(Task details):
Nothing in the data may change. Copy all of it exactly.

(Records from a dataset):

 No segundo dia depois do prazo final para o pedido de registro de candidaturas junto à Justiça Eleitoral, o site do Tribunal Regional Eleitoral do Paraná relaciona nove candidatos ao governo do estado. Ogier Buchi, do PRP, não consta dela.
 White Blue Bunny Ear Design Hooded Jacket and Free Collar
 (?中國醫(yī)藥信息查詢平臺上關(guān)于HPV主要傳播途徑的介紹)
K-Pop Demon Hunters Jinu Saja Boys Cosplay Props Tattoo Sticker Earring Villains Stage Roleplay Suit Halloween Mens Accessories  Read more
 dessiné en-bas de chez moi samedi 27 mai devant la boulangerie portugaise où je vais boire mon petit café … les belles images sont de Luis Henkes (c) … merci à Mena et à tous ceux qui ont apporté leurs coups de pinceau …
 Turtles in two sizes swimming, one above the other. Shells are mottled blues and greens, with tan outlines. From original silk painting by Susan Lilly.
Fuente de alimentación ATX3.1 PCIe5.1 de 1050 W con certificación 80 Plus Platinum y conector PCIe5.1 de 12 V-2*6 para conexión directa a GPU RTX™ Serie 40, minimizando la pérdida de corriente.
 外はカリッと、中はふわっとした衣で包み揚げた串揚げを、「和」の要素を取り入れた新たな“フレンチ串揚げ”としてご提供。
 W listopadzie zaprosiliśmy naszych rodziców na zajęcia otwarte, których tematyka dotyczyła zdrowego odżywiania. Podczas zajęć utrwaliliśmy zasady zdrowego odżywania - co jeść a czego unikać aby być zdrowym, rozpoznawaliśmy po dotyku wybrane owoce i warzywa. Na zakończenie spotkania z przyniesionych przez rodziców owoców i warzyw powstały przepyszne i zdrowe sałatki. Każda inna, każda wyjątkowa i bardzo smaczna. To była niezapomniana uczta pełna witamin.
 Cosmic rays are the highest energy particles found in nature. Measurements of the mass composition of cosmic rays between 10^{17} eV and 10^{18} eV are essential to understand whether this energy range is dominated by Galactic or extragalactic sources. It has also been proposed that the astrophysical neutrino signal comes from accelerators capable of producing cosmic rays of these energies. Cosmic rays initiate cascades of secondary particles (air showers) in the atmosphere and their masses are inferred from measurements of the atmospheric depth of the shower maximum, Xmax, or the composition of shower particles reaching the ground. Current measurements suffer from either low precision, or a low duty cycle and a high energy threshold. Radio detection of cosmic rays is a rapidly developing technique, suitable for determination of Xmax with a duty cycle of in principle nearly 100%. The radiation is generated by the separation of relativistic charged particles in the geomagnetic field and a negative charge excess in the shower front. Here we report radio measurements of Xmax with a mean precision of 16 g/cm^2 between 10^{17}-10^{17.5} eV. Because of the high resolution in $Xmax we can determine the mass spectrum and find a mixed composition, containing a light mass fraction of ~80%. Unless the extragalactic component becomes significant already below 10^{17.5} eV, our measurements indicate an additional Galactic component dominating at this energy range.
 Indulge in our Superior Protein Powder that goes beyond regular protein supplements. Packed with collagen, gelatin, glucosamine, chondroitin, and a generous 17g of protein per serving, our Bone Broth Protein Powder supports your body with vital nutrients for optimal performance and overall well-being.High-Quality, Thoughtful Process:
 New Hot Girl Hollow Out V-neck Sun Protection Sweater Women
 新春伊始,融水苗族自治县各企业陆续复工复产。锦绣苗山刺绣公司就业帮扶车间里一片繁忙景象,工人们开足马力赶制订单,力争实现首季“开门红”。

(Answer to this task):
 No segundo dia depois do prazo final para o pedido de registro de candidaturas junto à Justiça Eleitoral, o site do Tribunal Regional Eleitoral do Paraná relaciona nove candidatos ao governo do estado. Ogier Buchi, do PRP, não consta dela.
 White Blue Bunny Ear Design Hooded Jacket and Free Collar
 (?中國醫(yī)藥信息查詢平臺上關(guān)于HPV主要傳播途徑的介紹)
K-Pop Demon Hunters Jinu Saja Boys Cosplay Props Tattoo Sticker Earring Villains Stage Roleplay Suit Halloween Mens Accessories  Read more
 dessiné en-bas de chez moi samedi 27 mai devant la boulangerie portugaise où je vais boire mon petit café … les belles images sont de Luis Henkes (c) … merci à Mena et à tous ceux qui ont apporté leurs coups de pinceau …
 Turtles in two sizes swimming, one above the other. Shells are mottled blues and greens, with tan outlines. From original silk painting by Susan Lilly.
Fuente de alimentación ATX3.1 PCIe5.1 de 1050 W con certificación 80 Plus Platinum y conector PCIe5.1 de 12 V-2*6 para conexión directa a GPU RTX™ Serie 40, minimizando la pérdida de corriente.
 外はカリッと、中はふわっとした衣で包み揚げた串揚げを、「和」の要素を取り入れた新たな“フレンチ串揚げ”としてご提供。
 W listopadzie zaprosiliśmy naszych rodziców na zajęcia otwarte, których tematyka dotyczyła zdrowego odżywiania. Podczas zajęć utrwaliliśmy zasady zdrowego odżywania - co jeść a czego unikać aby być zdrowym, rozpoznawaliśmy po dotyku wybrane owoce i warzywa. Na zakończenie spotkania z przyniesionych przez rodziców owoców i warzyw powstały przepyszne i zdrowe sałatki. Każda inna, każda wyjątkowa i bardzo smaczna. To była niezapomniana uczta pełna witamin.
 Cosmic rays are the highest energy particles found in nature. Measurements of the mass composition of cosmic rays between 10^{17} eV and 10^{18} eV are essential to understand whether this energy range is dominated by Galactic or extragalactic sources. It has also been proposed that the astrophysical neutrino signal comes from accelerators capable of producing cosmic rays of these energies. Cosmic rays initiate cascades of secondary particles (air showers) in the atmosphere and their masses are inferred from measurements of the atmospheric depth of the shower maximum, Xmax, or the composition of shower particles reaching the ground. Current measurements suffer from either low precision, or a low duty cycle and a high energy threshold. Radio detection of cosmic rays is a rapidly developing technique, suitable for determination of Xmax with a duty cycle of in principle nearly 100%. The radiation is generated by the separation of relativistic charged particles in the geomagnetic field and a negative charge excess in the shower front. Here we report radio measurements of Xmax with a mean precision of 16 g/cm^2 between 10^{17}-10^{17.5} eV. Because of the high resolution in $Xmax we can determine the mass spectrum and find a mixed composition, containing a light mass fraction of ~80%. Unless the extragalactic component becomes significant already below 10^{17.5} eV, our measurements indicate an additional Galactic component dominating at this energy range.
 Indulge in our Superior Protein Powder that goes beyond regular protein supplements. Packed with collagen, gelatin, glucosamine, chondroitin, and a generous 17g of protein per serving, our Bone Broth Protein Powder supports your body with vital nutrients for optimal performance and overall well-being.High-Quality, Thoughtful Process:
 New Hot Girl Hollow Out V-neck Sun Protection Sweater Women
 新春伊始,融水苗族自治县各企业陆续复工复产。锦绣苗山刺绣公司就业帮扶车间里一片繁忙景象,工人们开足马力赶制订单,力争实现首季“开门红”。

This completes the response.